Cold-blooded geckos enjoy life in the tropics.
With more than 1, 000 different geckos species known, the multicolored, smooth-skinned reptiles are tremendously diverse and well-adapted creatures. Innately cold-blooded creatures, they thrive in the wild in warm, balmy climates all over the world; and their beautiful appearance, fascinating footwork and unique vocalizations make them favorites among exotic animal lovers. Members of the lizard family, geckos display several characteristics that underscore their charming reptilian nature.

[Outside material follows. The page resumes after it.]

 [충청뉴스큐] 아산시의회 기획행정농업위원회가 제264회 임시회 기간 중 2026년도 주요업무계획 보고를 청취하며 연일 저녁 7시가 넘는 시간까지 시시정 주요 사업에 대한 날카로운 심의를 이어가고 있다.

Geckos come in many sizes, from as small as a half an inch long to as many as 14 or 15 inches long. Most notable, however, are geckos' small and delicate scales. These little reptiles are found in many colors, patterns and hues - dark greens, blues and yellows, and vibrant stripes, spots or multicolor camouflage. But geckos share several other distinctive characteristics beyond coloration. Their bodies, for example, are usually rather small in proportion to their heads, compared with other lizards. Their heads are dominated by large, alert eyes. Geckos do not possess eyelids; rather, their eyes are covered by transparent membranes they clean with their long tongues, according to the Ark in Space website.

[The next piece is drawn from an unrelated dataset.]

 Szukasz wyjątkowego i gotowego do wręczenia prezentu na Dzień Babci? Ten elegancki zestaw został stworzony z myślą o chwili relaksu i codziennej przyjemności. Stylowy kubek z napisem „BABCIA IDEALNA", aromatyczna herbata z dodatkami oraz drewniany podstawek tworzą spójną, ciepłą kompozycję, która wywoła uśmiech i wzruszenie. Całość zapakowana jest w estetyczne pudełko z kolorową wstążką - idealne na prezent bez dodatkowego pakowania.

Other Reptilian Physical Traits
Geckos' tails serve to store both fat and water, and typically compose a large part of their bodies. Geckos are capable of instinctively shedding their tails when threatened. The tail's muscles will still move after it separates from the body, distracting predators long enough for the creatures to escape. Fortunately, as with most lizards, geckos can regenerate their tails. But perhaps the most fascinating aspect of geckos is their feet: They have short and somewhat bulbous toes, the pads of which are covered in setae, or small hooked bristles. This amazing feature allows geckos to climb vertical surfaces and even scamper across ceilings.